Comment 1 James Laska 2008-03-04 18:55:49 UTC
Created attachment 296779 [details]
gdb backtrace from isys.pumpNetDevice('eth0', None)

Comment 2 James Laska 2008-03-04 19:03:14 UTC
Note: this appears to only happen when starting rescue mode from a local
installation source (DVD or CDROM).  A remote installation source appears to
setup networking correctly when it pulls down stage2.img.

Comment 3 Jeremy Katz 2008-03-04 19:15:43 UTC
segv is in libdhcp

Comment 4 James Laska 2008-03-05 12:42:11 UTC
Tested in RHEL-5-Server/U1 and it proceeds with enabling networking on the same
system U2 fails with.  Adding Regression keyword.

$ python -c "import  sys; sys.path.append('/usr/lib/anaconda'); import
isys; print isys.pumpNetDevice('eth0', None);"
192.168.32.2

Let me know if there is any additional information needed on the failing systems




Comment 6 David Cantrell 2008-03-19 23:47:59 UTC
I am able to reproduce this locally on RHEL5.2-Server-20080319.nightly on at least i386.

This is similar to bug #432011, which was handled by working around limitations in libdhcp since that 
library is very fragile and essentially broken.  Working on it any more seems like a waste of time.  
Changing the component of this bug to anaconda and attaching my patch.  Also giving it a devel-ack.

Comment 7 David Cantrell 2008-03-19 23:48:49 UTC
Created attachment 298612 [details]
0001-Make-sure-DHCP-works-in-rescue-mode-435978.patch

Comment 8 David Cantrell 2008-03-19 23:50:12 UTC
There's the patch.  If I had to take a guess as to which platform this might cause a regression on for 5.2, it 
would be s390x.  That platform is nothing but problems.

jlaska,
If you want to give it a qa-ack, I'll seek out the other magic flags (unless you do) to get it in to 5.2.

Comment 11 David Cantrell 2008-03-20 19:05:23 UTC
Committed, fix will be in anaconda-11.1.2.109-1.

Comment 14 David Cantrell 2008-04-04 03:42:35 UTC
Working on tracking this one down still.  The same code is run via rescue mode as is run during stage1 
when performing a network install, so something odd is happening with what is passed to libdhcp during 
rescue mode.

More info to follow.

Comment 15 David Cantrell 2008-04-07 23:31:06 UTC
Have written a local test program that simulates the doDhcpNetDevice() function from isys.c in 
anaconda.  It's far easier to test this way than to keep recreating test ISOs to test rescue mode.

Basically, all that rescue mode does to bring up networking is (1) ask you the device to use and (2) call 
isys.dhcpNetDevice() passing the device name (e.g., 'eth0').

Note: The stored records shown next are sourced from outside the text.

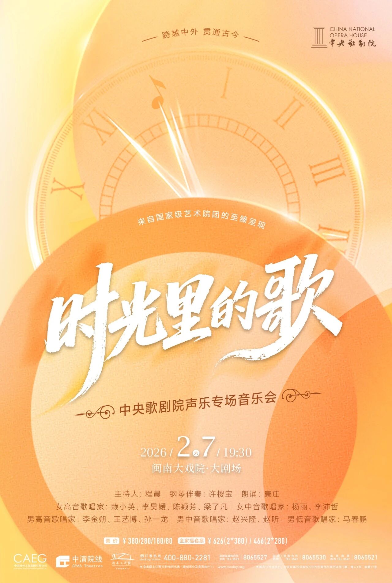 中央歌剧院“凭清唱圈粉百万”的“游吟诗人”男生重唱组将携手中央歌剧院多位国家级艺术家登台闽南大戏院,带来“时光里的歌”中央歌剧院声乐专场,音乐会众位艺术家将献上《卡门》《唐璜》《茶花女》等数部歌剧经典片段及中外名曲,为鹭岛观众呈现一场殿堂级的声乐盛宴。
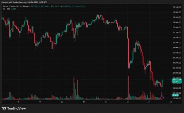На момент написання біткоїн торгується близько $63 473, втративши в ціні приблизно 5% за останню добу.
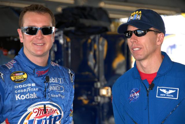KENNEDY SPACE CENTER, FLA. -- Astronaut Andrew Feustel (right) is ready to participate in NASCAR's Preseason Thunder Fan Fest at Daytona International Speedway. At left is NASCAR driver Kurt Busch. Feustel's appearance celebrates NASA's 50th anniversary and the speedway's 50th running of the Daytona 500 in February. Besides meeting with fans and media, Feustel will ride around the track, taking "hot laps," in an official track vehicle. The NASA/NASCAR association spans decades. Technology developed for the space program has helped NASCAR drivers increase their performance and stay safe over the years. They wear cooling suits similar to what astronauts wear during a spacewalk. Foam that NASA developed for aircraft seats protects racecar drivers' necks in crashes. In addition to participating in the fan festival, NASA will fly three Daytona 500 flags aboard an upcoming space shuttle flight. Speedway officials plan to wave one of the flags to begin the 2008 installment of the Daytona 500, while another will be presented to the winning driver. NASA will keep the third. Feustel will fly on the space shuttle mission STS-125 to the Hubble Space Telescope. The mission will extend and improve the observatory's capabilities through 2013. Launch is targeted for August 2008. Photo credit: NASA/George Shelton
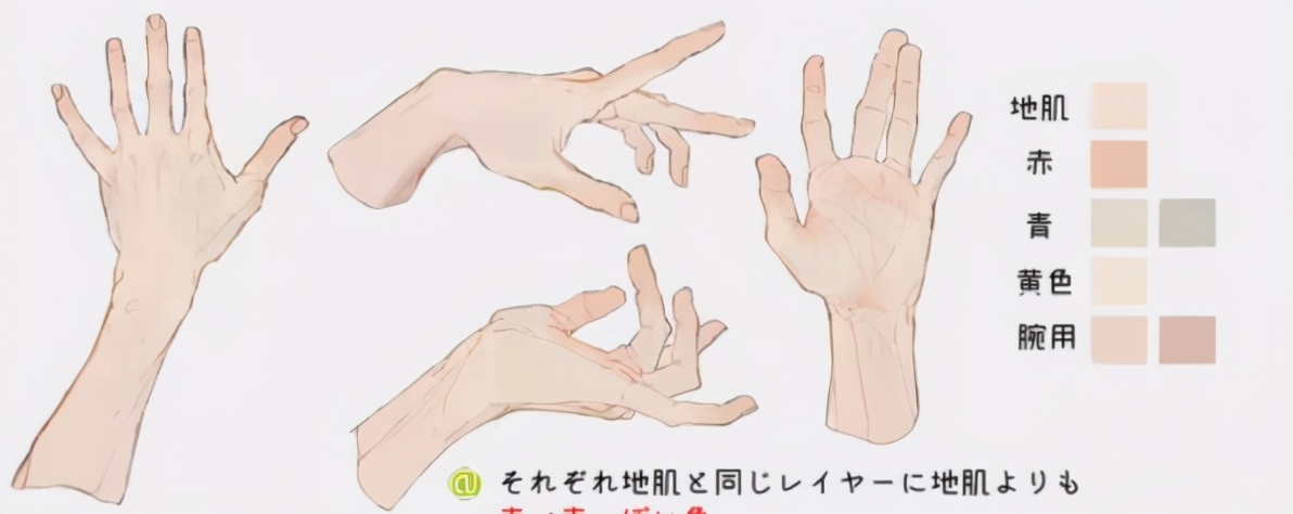 各自的肌肤在同一层中,比起肌肤,试着涂上红色→红色→深绿色、→高光色调的浓淡刷色(手腕是阴影色)。我想仅仅是表现血的循环就可以大大改变印象。
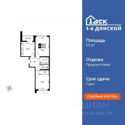 Просторная квартира 61,76 (65,64) м2. Особенность квартиры: выход окон на две стороны света Запад и Восток, панорамные виды из окон, холл 8 м2, комнаты 16,96+13,74 м2, кухня 11 м2, ванная комната и отдельный с/у, две лоджии 3,17 и 4,59 м2.
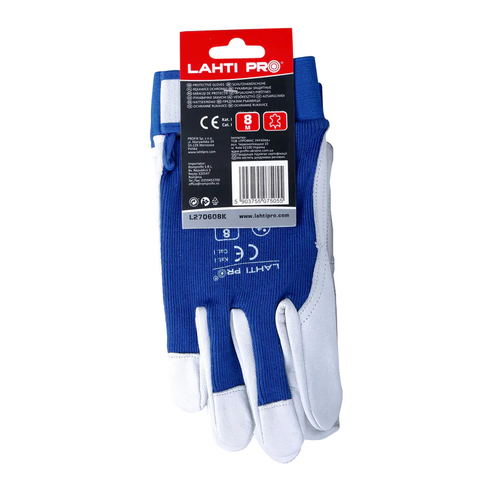 RĘKAWICE ZE SKÓRY KOZ. GRANAT. L270610P, KARTA,"10",CE,LAHTI
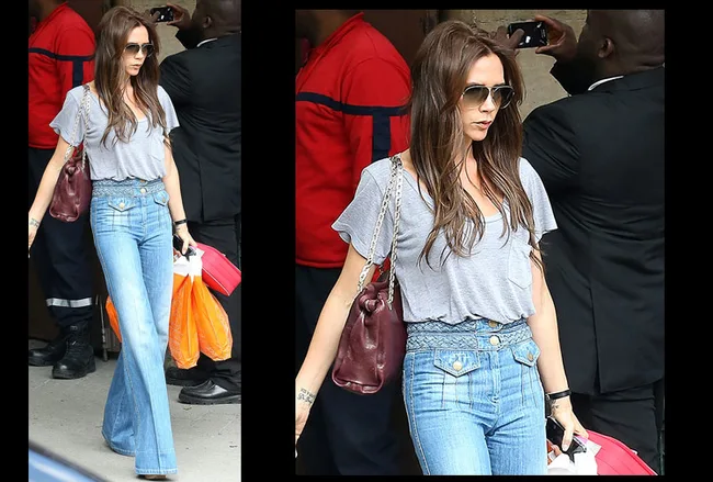 Victoria Beckham shops in style with high-waisted jeans.

The isys.dhcpNetDevice() function (and pumpNetDevice, for that matter) are passthrough Python 
functions in isys.py that call _isys.dhcpNetDevice.  The function in _isys is the C function that calls 
libdhcp, which is what I have reimplemented locally.

The SIGSEGV occurs after we are bound to an IPv4 address.  It happens during option parsing.  Still 
working on a solution, but I attaching my test program and current findings to this bug.

Comment 16 David Cantrell 2008-04-07 23:33:23 UTC
Created attachment 301575 [details]
backtrace-dhcptest.log

Comment 17 David Cantrell 2008-04-07 23:33:53 UTC
Created attachment 301576 [details]
dhcptest.c

Comment 18 David Cantrell 2008-04-08 00:52:36 UTC
Further testing with a version of dhcptest.c that execs the DHCP client in the same process as dhcptest.  
Same crash and same cause (attaching new source and backtrace of that test).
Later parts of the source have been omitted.